Come Children, Let’s Dance
1924 — Kamerny Theatre, Moscow, USSR
When you see these children dancing I implore you not to view them as little actresses against a backdrop of theatrical scenery. I want you to see them against a backdrop of nature, where they can dance freely on the meadow and among the trees.
I am showing you now only a small group of children, because the house where our school is currently situated has only a small dancing hall, with room for not more than twenty children. But that is not enough. I want to give to the future thousands of happy and healthy children.
[The children danced to Schubert’s Requiem March]

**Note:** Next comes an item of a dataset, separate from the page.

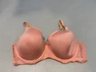 This George T-Shirt Bra in a delicate pink shade features a floral embroidered lace trim, offering a feminine and elegant touch. Designed with underwired cups and padded for support and shaping, this bra is in a size 36E with a bra strap closure. The opaque fabric and the George brand ensure quality and comfort, making it a stylish and practical addition to any lingerie collection for women.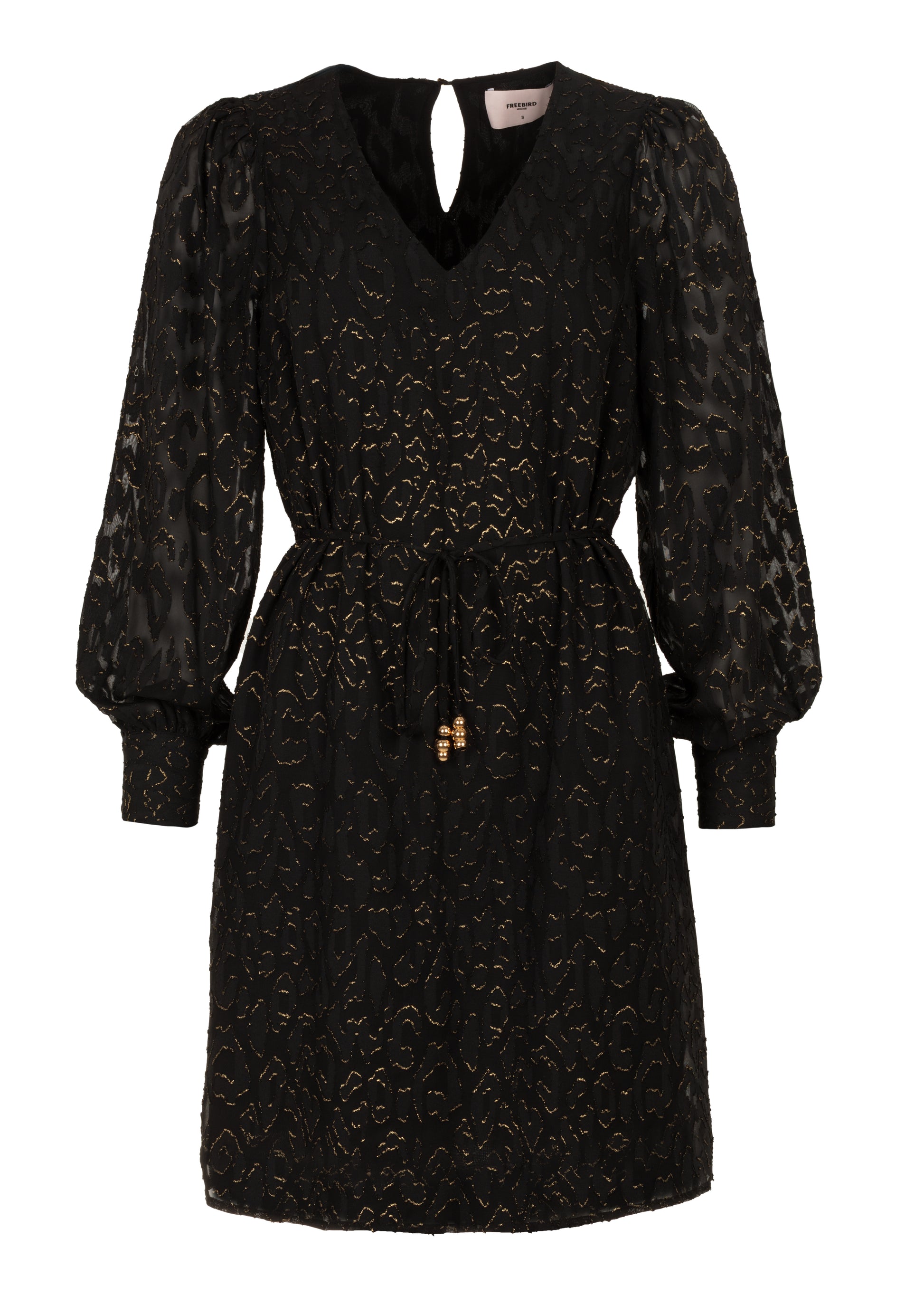 Gemaakt van een verfijnde geweven jacquardstof met een subtiel luipaardpatroon, waardoor de jurk een luxueuze uitstraling krijgt.

What fine, beautiful children they are, aren’t they? But I want all the children in Russia to be like that. After books, after their studies, I want to say to them ALL: “Come children, let’s dance!” I want every child in Russia to have this naturalness, this joy, this beauty which is rightfully theirs. I am sorry that at present I can give my art and my work only to such a small group.

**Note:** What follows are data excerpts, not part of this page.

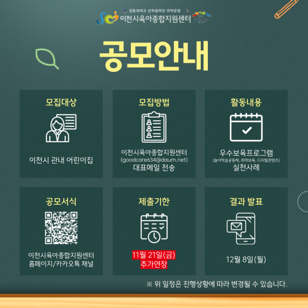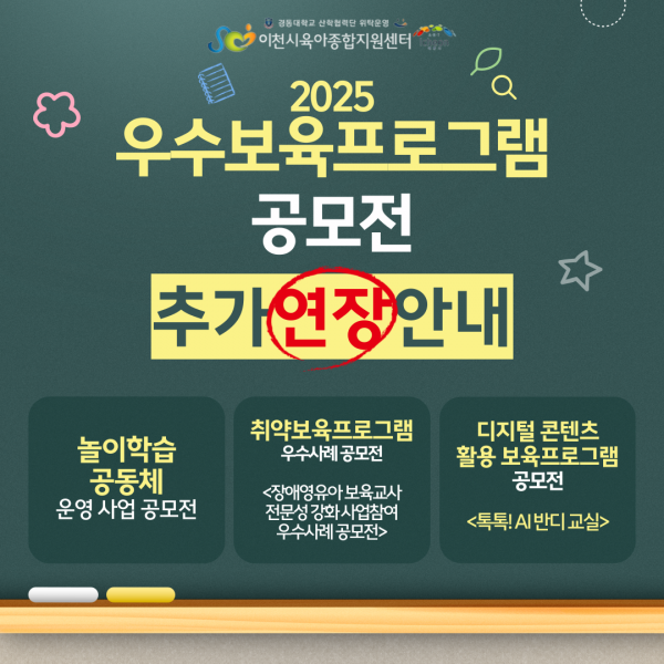 2025 이천시 우수보육프로그램 공모전의 참여대상이 확대됨에 따라, 접수기한이 추가연장(~11. 21. (금))되어 안내드리오니, 아래 내용 확인 후 많은 참여 부탁드립니다.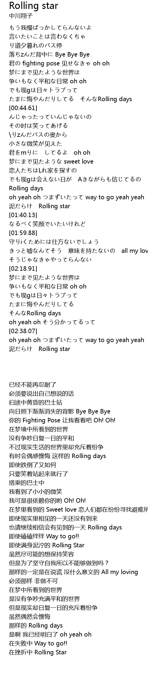 | [00:41.06] | たまに悔やんだりしてる そんなRolling days |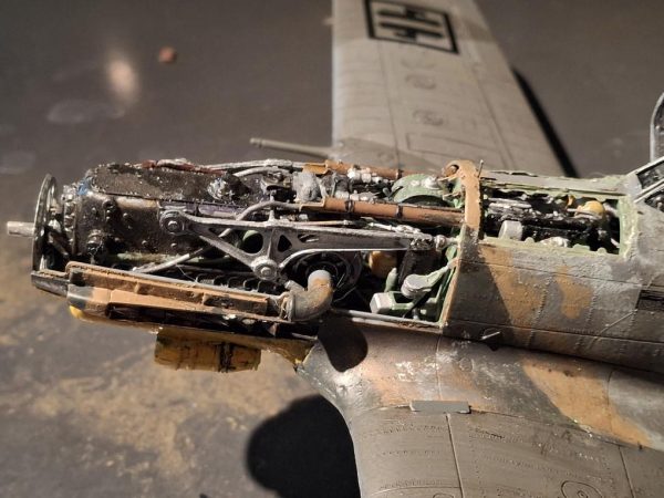 Comme je l’avais dit dans mon post du Macchi C 202 que j’avais volontairement présenté capot moteur fermé bien que le moteur y soit installé, peint et tout et tout, afin de conserver la pureté de lignes de cette machine, dont seuls les Italiens ont le secret, que ce soit pour leurs avions, leur voitures de sport (ou leurs actrices–Aaah ! Claudia…!, Gina…!, Sofia…!,Sabrina…!.La Cicciolina…) euh..le m’égare , revenons à nos avions….je disais donc que j’avais dit que je vous présenterai tout ouvert dans une prochaine réalisation – C’est chose faite avec cette fois une autre production de chez Macchi avec leur 205 qui présente une cellule quasi identique au 202, à part la présence de deux petits tonneaux sous le nez, les radiateurs, dus au nouveau moteur Daimler Benz DB 605 au lieu du 601 de la version précédente. -Avant l’armistice de 1943 l’industrie aéronautique Italienne a produit ses meilleurs chasseurs, la série des 5, grâce à l’emploi de ce moteur qui équipait également les Fiat G 55 Centauro et le Reggiane Re 2005 Sagittario. Je me suis donc attaché à présenter, non seulement le moteur, mais aussi le compartiment des mitrailleuses de capot. Mais trêve de blabla place aux photos.. As I had said in my post about the Macchi C 202, which I had voluntarily presented with the engine hood closed even though it was installed, painted and everything, in order to preserve the purity of lines of this machine, whose secret only the Italians have, whether for their planes, their sports cars (or their actresses–Aaah! Claudia…!, Gina…!, Sofia…!,Sabrina…!.La Cicciolina…) uh.. the me is wandering, let’s get back to our planes…. I was saying that I had said that I would present everything open to you in a future realization – It’s done this time with another production from Macchi with their 205 which has a cell almost identical to the 202, apart from the presence of two small barrels under the nose, the radiators, due to the new Daimler Benz DB 605 engine instead of the 601 from the previous version. -Before the armistice of 1943, the Italian aeronautical industry produced its best fighter jets, the series of 5, thanks to the use of this engine which also equipped the Fiat G 55 Centauro and the Reggiane Re 2005 Sagittario. I therefore focused on presenting, not only the engine, but also the hood machine gun compartment. But enough blah blah blah, the photos..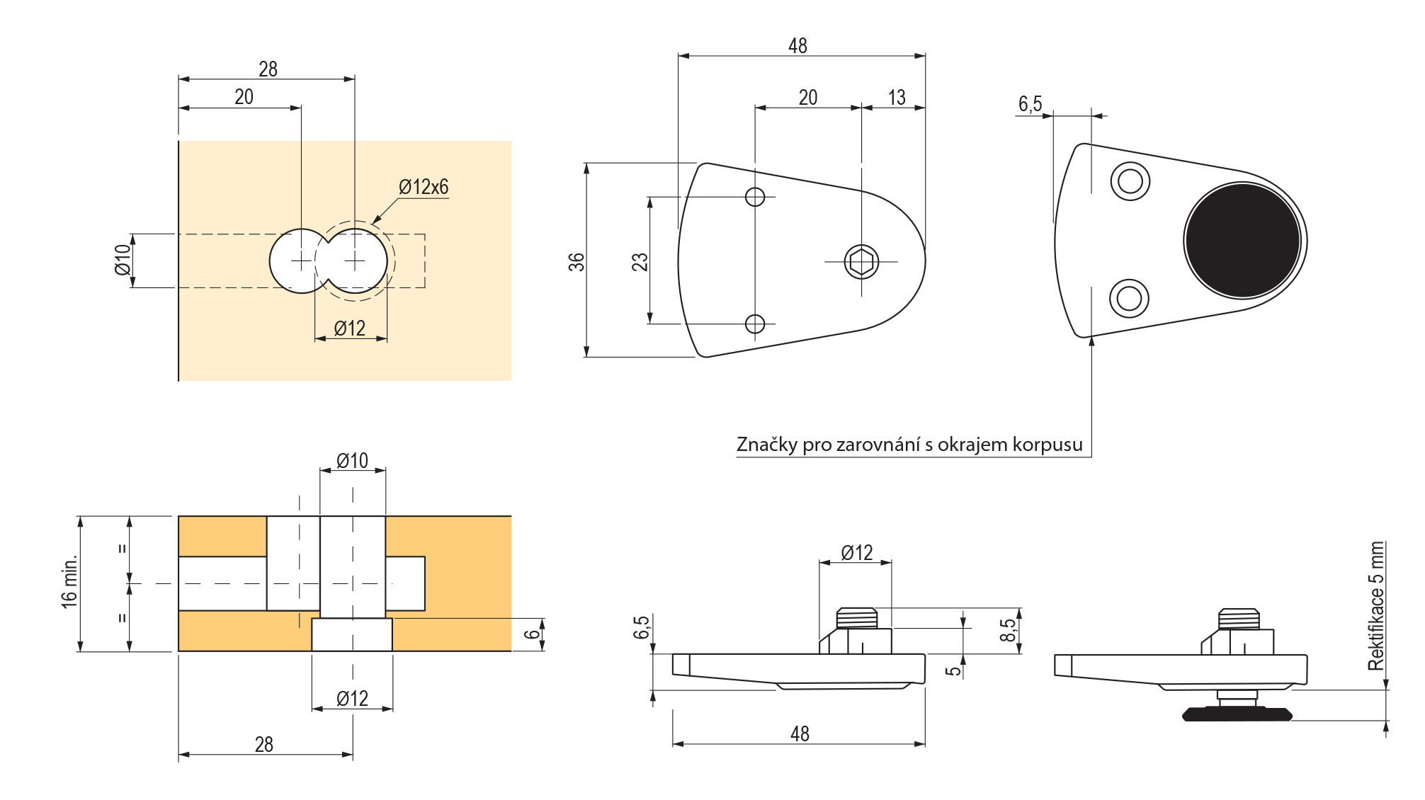 Rectification foot LH7.28. Very small size with high load capacity and rectification of +5mm to compensate for unevenness. Metal body and plastic glider. Load capacity up to 150 kg per leg

Have you ever read Jean-Jacques Rousseau’s Emile? He says there that a child lives each day an intense and beautiful life, and that we must give the child the possibility of making use of it. I don’t “teach” children. I have no special systems and methods. I don’t say to the child, ‘Hold your hand like this, or put your foot like this.” you have seen for yourselves that every child dances naturally. You saw that their movements are not taught – they grow like plants, they unfold like flowers.

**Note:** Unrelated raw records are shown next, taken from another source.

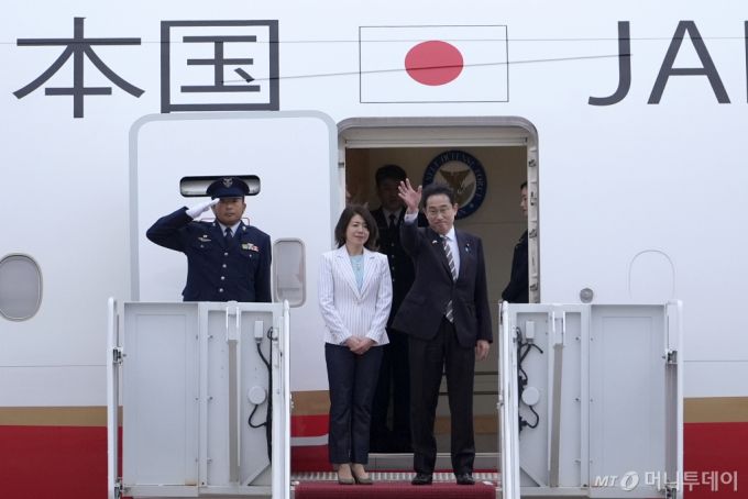 지난달 11일(현지시간) 미국 방문 일정을 마친 기시다 후미오 일본 총리와 부인 유코 여사가 미 메릴랜드주 앤드류스 합동기지에서 워싱턴 일정을 마치고 전용기에 오르며 인사하고 있다.- /사진=AP/뉴시스] |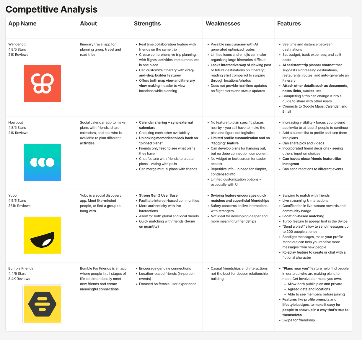 We analyzed popular itinerary planning and friendship building platforms such as Wanderlog, Howbout, Yubo, and Bumble For Friends. We identified their strengths being real time communication with others, interactive calendar syncing, and having a lot of freedom and control in the features. These findings prompted us to create a collaborative itinerary planner that helps foster deeper communication and relationships, while including some other components that supported the main purpose of the application.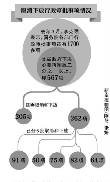 在国务院的带动下,去年3月至今分5批,取消和下放了362项行政审批项目。

Little children don’t understand versa teaching. Words, for children, are not alive. Children learn through movements; up to the age of ten or twelve they learn more from the soul. But nobody believes in the soul any more, so I say they learn from the spirit, or from intuition. I have observed that even the smallest children understand Beethoven and Schubert. But they could never understand them through words – only through movements. Movements form themselves as natural as plants, with all their feelings. A child’s life changes all the time, changes continually. Every pedagogue who really wants to do so adapt himself to the child, who is like a plant; never static, always growing. The pedagogue should give the child something new every day.
Today you have seen how every child expresses the same dance in a different way. Each while must be approached separately, because every child is different.
I hate muscles, arms and legs. I never tell a child to “hold yourself so; do this.” I do not like physical culture and sports. I do not like the Dalcroze system. I regard all that as sin – a crime against the nature of children. A child needs something very different. It needs naturalness, without pressure, and without influence. There is no need to subject a child to any demands. The child should, by itself, unfold like a plant to the light, to the sun.
Here in our head is knowledge, thought; here in our breast is a motor supplying power for our most wonderful emotions. I say to the child, “Put your hands here on your breast, then lift them high and higher to the stars, to the planets. Embrace the whole world with your arms. Reach out to the universe! You are only a small child, but you stand on the Earth. There is a place for you in the universe.”
Some Communists have told me that all this is “mystical” – that arms outstretched to the stars are “mystical.” But I teach the children to look up above them, to look around, to be conscious of the whole universe: Is that mysticism? No. I have no mysticism. I say to the child, “Look at the world – the whole universe dances together with you, the human being. Man, different from all the other animals holds up his head, while his feet remain on the Earth.
Soon the children will come before you with simple movements, and you must imagine that it is night and that they are looking at the stars. I say to the children, “When you run out into the woods or into the garden, try to keep yourselves free, in harmony with nature. Go and enjoy yourselves – jump, play, laugh and be boisterous.” But I am not of the opinion of some of your pedagogues, that children ought to be left entirely to themselves, screaming and fighting each other like wild Indians. No, the child must learn self-control – to express its feelings harmoniously. That will make it grow stronger than those children who are left to grow up wildly without learning to control themselves. To let a child develop itself through a dynamic dance is difficult, but to make it hold its musical pause – as the children have just done in the Schubert march they danced for you – is still more difficult. I have noticed afterward that they gained more strength from that than from the dynamic dance.
I want very much to know your opinion of my educational system. The greatest compliment to my School would be if every mother in the audience said, “I too would like my child to dance like that.”
I came to Russia to create something big, something grandiose. The word Bolshevik – meaning big, I thought – inflamed me when I heard it in Europe. I imagined that it would be possible to create a school of a thousand children here. All I needed for that was a big place in which to work. And now three years have passed, and I have waited in vain.
When I came to Russia, I did not intend to give public performances. During these three years I have asked those in power to give me a large heated place in winter, and a large arena in summer, where I could teach my art to a thousand children. These children here, that you have just admired, are mostly children of workers and peasants. Are they not beautiful? And does it not prove that they can be cultured and intelligent?
I desire to give the greatest joy and the greatest beauty to the children of the workers – to make them so perfect that they will be envied by the children of the millionaires. You have surely heard the legend of Cornelia, where pearls and diamonds are compared to the natural beauty of children. I would like to have the workers say, when they see thousands of children dancing in a great folks festival: “These are our jewels!”
I am afraid I have tortured you this evening with my lecture. You would have preferred, of course, to see the children dance some more. But as it was our intention to show what we have achieved so far, your slight suffering was necessary, and might even prove to be the foundation for the future school.